**TASK DETAILS:** Below is a listing; print exactly its lines from the one containing "And unload it again at Tims carpark!" down to the one containing "1atlock: Waxed Oak with Walnut Inlay", both inclusive, with every picture left out.

**INPUT RECORDS:**
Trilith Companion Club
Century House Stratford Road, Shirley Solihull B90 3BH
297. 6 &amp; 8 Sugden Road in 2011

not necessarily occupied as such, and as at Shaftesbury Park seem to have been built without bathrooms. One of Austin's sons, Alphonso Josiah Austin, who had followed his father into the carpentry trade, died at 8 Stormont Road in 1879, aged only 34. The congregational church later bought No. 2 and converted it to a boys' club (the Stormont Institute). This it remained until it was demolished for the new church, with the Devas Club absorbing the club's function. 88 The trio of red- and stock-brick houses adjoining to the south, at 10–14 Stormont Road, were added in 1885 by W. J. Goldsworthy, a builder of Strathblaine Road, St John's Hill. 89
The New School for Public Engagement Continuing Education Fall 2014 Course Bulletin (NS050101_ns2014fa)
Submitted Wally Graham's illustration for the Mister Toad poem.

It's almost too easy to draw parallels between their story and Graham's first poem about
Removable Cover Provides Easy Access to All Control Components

...

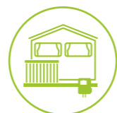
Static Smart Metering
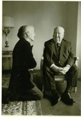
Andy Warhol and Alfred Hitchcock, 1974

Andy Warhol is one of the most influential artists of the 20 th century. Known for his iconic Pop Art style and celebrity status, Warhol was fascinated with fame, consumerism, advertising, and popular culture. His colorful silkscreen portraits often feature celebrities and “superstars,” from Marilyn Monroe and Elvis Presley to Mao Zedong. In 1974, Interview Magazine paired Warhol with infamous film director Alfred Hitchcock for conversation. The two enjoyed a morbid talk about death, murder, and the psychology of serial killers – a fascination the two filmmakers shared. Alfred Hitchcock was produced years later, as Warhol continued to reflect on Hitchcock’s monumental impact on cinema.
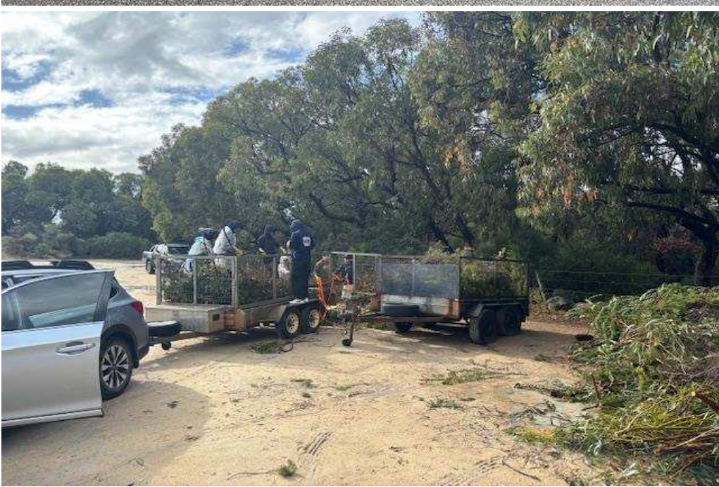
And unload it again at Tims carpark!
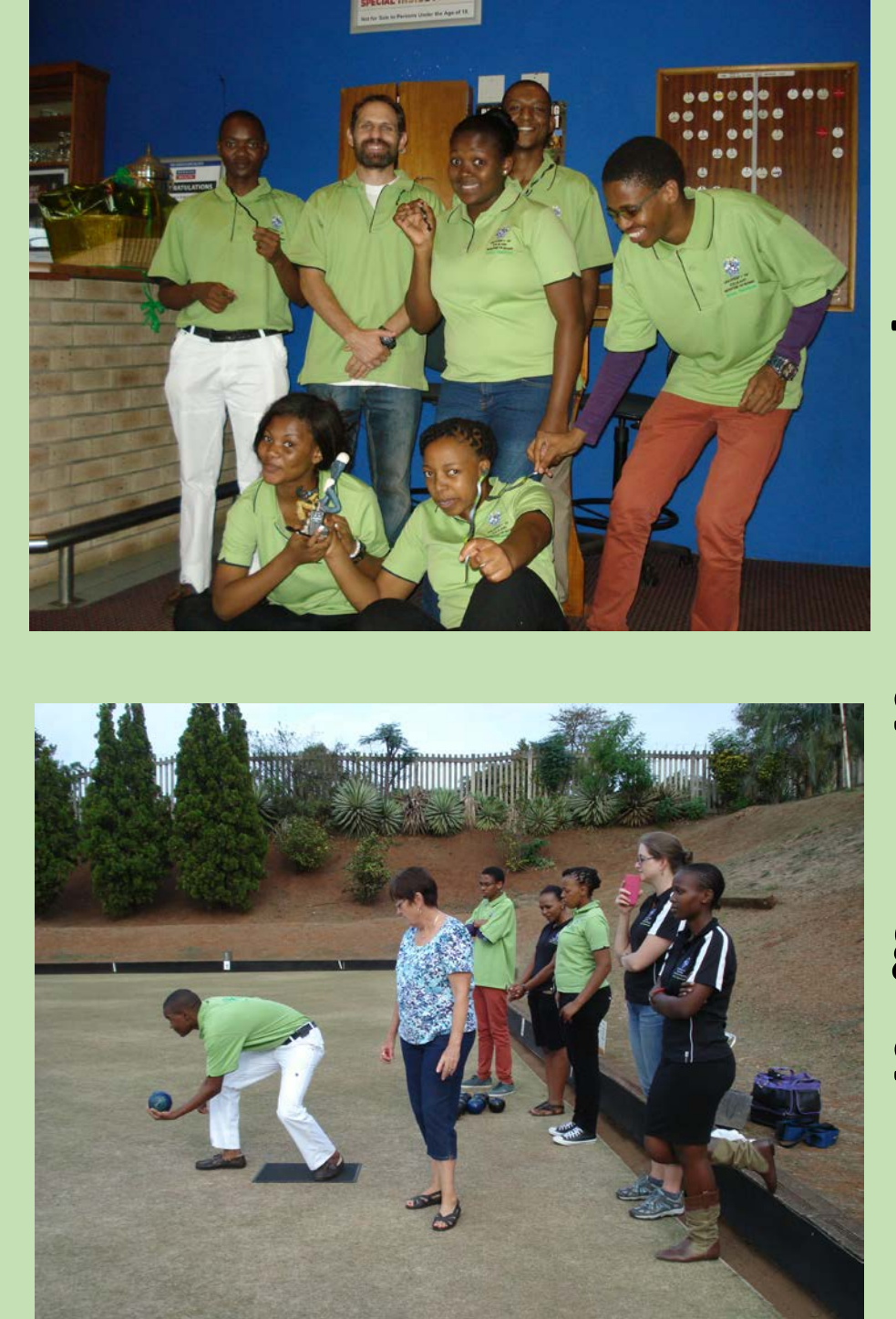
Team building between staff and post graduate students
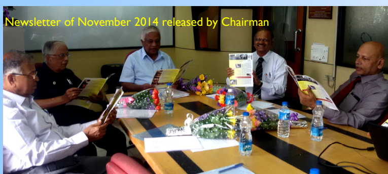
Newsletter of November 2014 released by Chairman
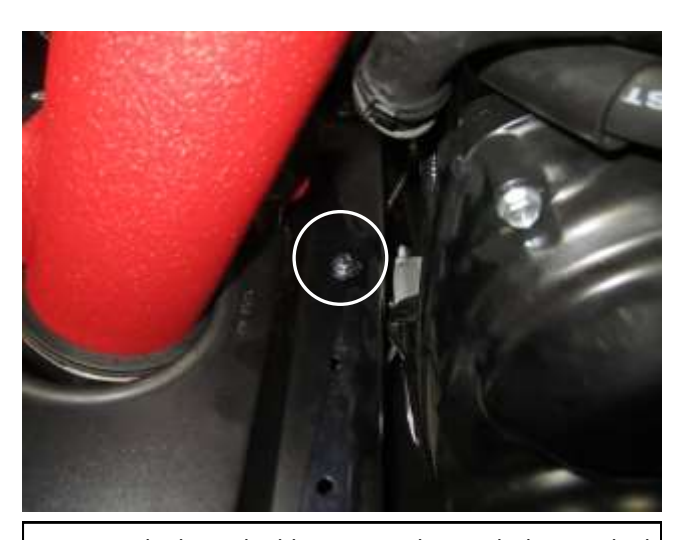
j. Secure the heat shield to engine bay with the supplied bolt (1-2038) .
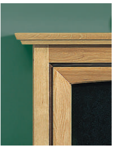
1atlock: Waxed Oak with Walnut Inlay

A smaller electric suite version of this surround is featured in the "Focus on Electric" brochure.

**FINAL ANSWER:**
And unload it again at Tims carpark!
Team building between staff and post graduate students
Newsletter of November 2014 released by Chairman
j. Secure the heat shield to engine bay with the supplied bolt (1-2038) .
1atlock: Waxed Oak with Walnut Inlay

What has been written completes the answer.